What the task requires.
Look through the data below and output, unchanged, every line from the one holding "Abstract painting with" through the one holding "保護司会の皆さんと一緒にあい", inclusive. Skip the pictures.

^^^^

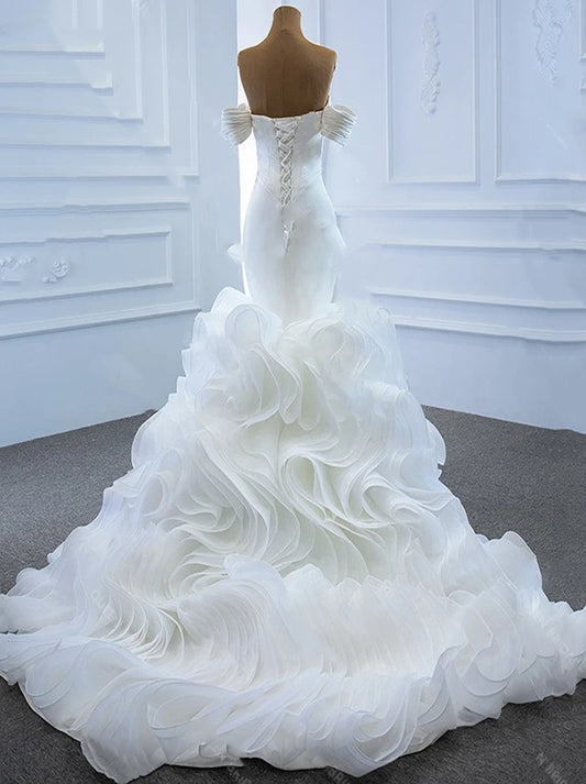 Charming White Mermaid Sweetheart Off The Shoulder Pleated Ruffles Lace Up Court Train Organza Wedding Bridal Dresses
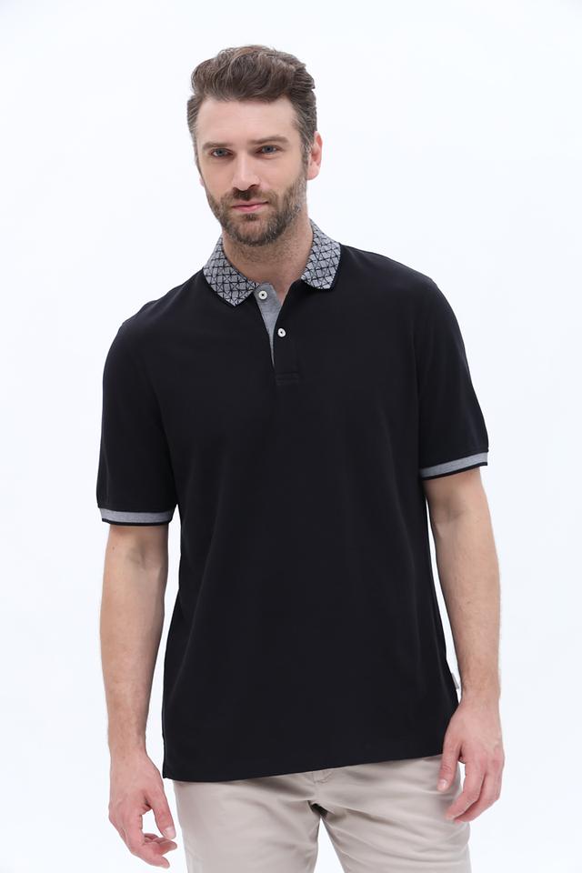 Поло Bugatti с узором на воротнике чёрный
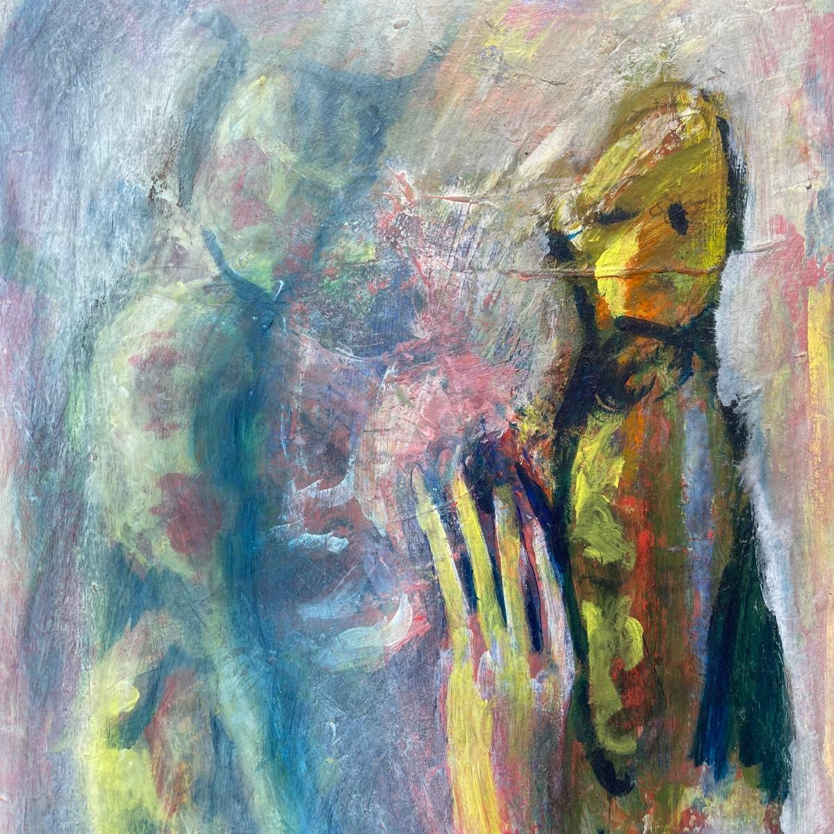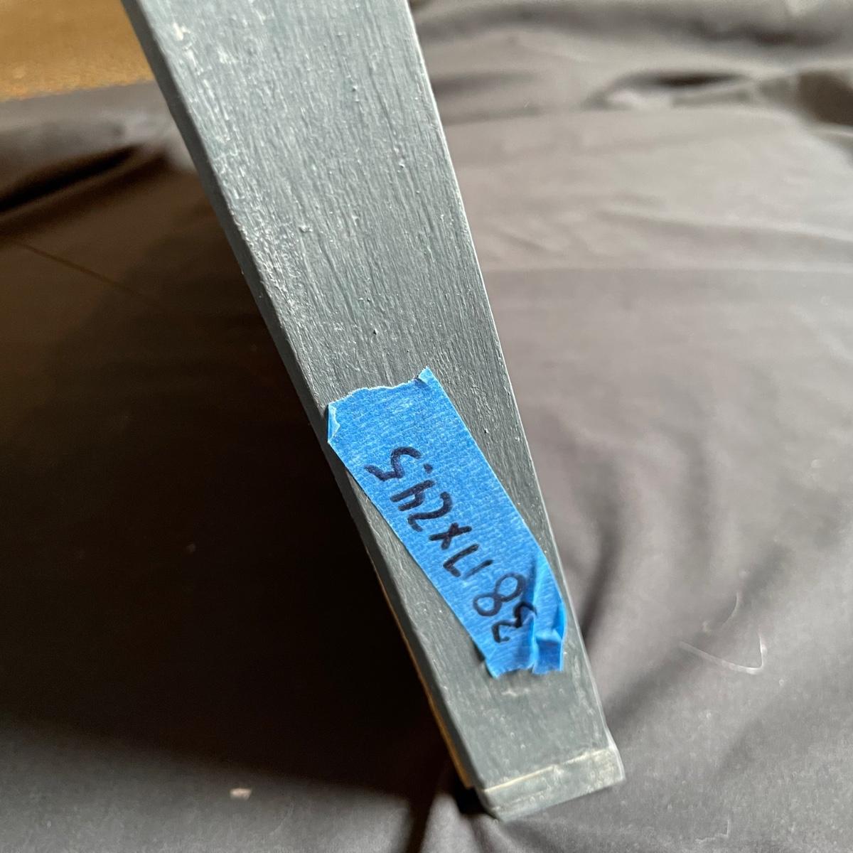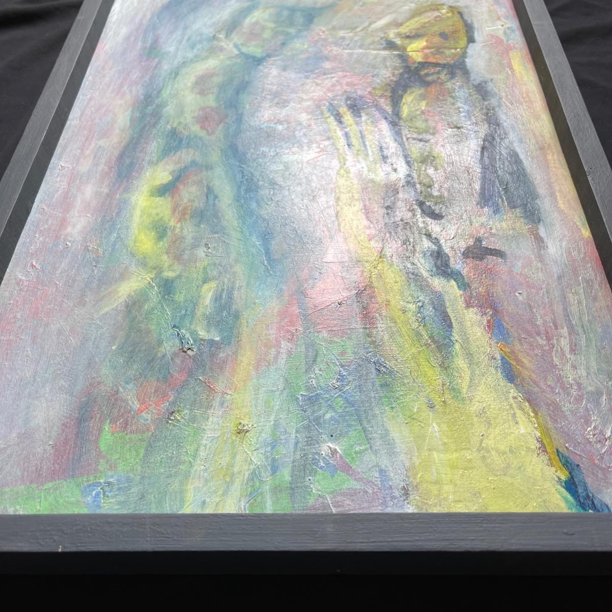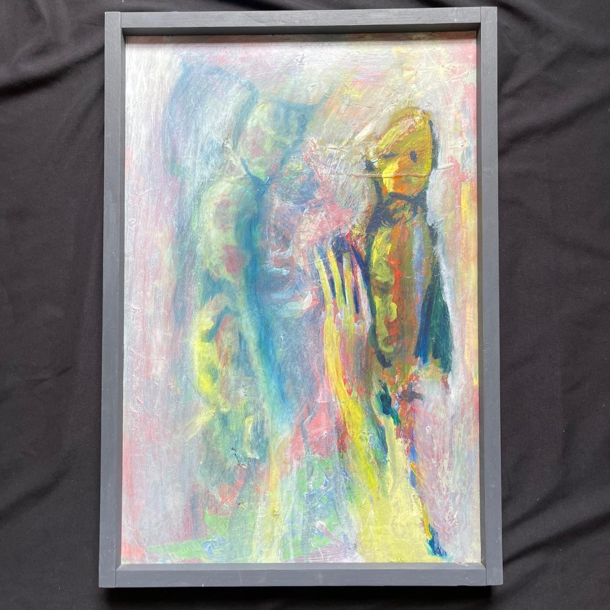 Abstract painting with a grey painted frame by Asheville Artist, Reginald “Ripp” Smith”. It measures 17” x 24.5” and it is numbered 38. The painting is on a wood panel.
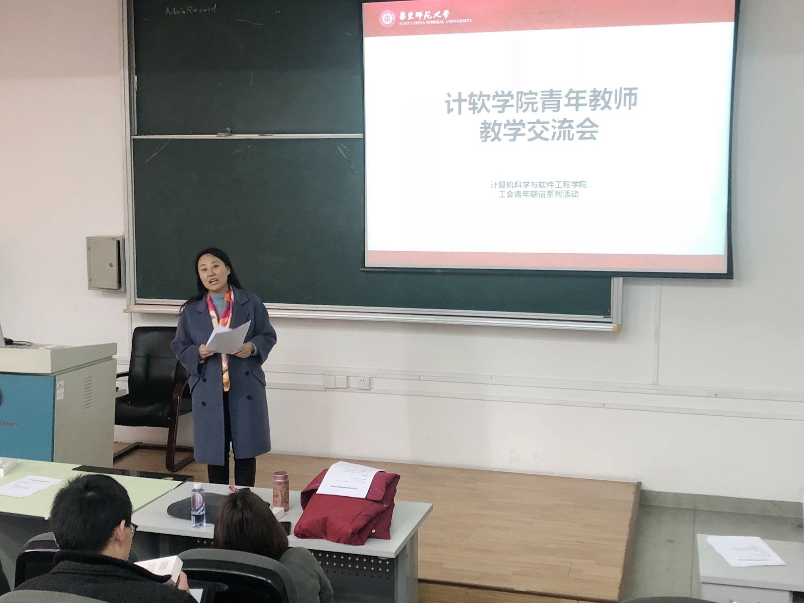 曹桂涛老师对前来参加交流的学院青年老师表示欢迎,并表达了召开教学交流会的初衷,希望借此机会能帮助学院青年教师提高教学水平,并加深青年教师之间的相互了解。她随后介绍了学院教学事务的基本情况并介绍了两位参与报告老师的基本情况。
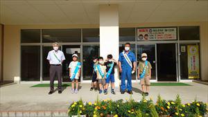 保護司会の皆さんと一緒にあいさつたすきリレーを行っています。21日からは夏の県民安全運動が行われ、十字路や学校の玄関前でも地域の皆さんに見守り運動を行っていただいております。暑い中登校してくる児童も安心して登校することができます。本当にありがとうございました。2年生にとってたすきは長すぎるので、クリップで止めて調整していました。ALTのニコさんとも英語であいさつです。
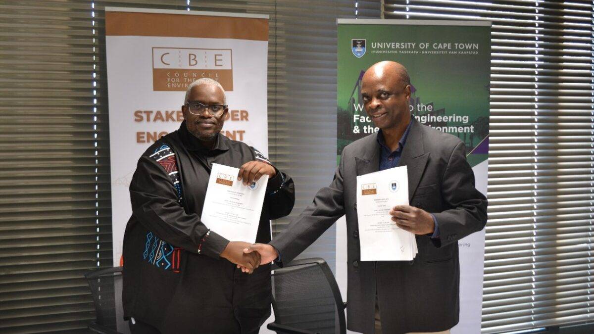 The Council for the Built Environment (CBE) and the University of Cape Town’s Faculty of Engineering & the Built Environment (UCT) signed a Memorandum of Understanding on 29 September 2025, that will redefine the relationship between academia, government, and the built environment sector.

^^^^

Output of the exercise.
 Abstract painting with a grey painted frame by Asheville Artist, Reginald “Ripp” Smith”. It measures 17” x 24.5” and it is numbered 38. The painting is on a wood panel.
 曹桂涛老师对前来参加交流的学院青年老师表示欢迎,并表达了召开教学交流会的初衷,希望借此机会能帮助学院青年教师提高教学水平,并加深青年教师之间的相互了解。她随后介绍了学院教学事务的基本情况并介绍了两位参与报告老师的基本情况。
 保護司会の皆さんと一緒にあいさつたすきリレーを行っています。21日からは夏の県民安全運動が行われ、十字路や学校の玄関前でも地域の皆さんに見守り運動を行っていただいております。暑い中登校してくる児童も安心して登校することができます。本当にありがとうございました。2年生にとってたすきは長すぎるので、クリップで止めて調整していました。ALTのニコさんとも英語であいさつです。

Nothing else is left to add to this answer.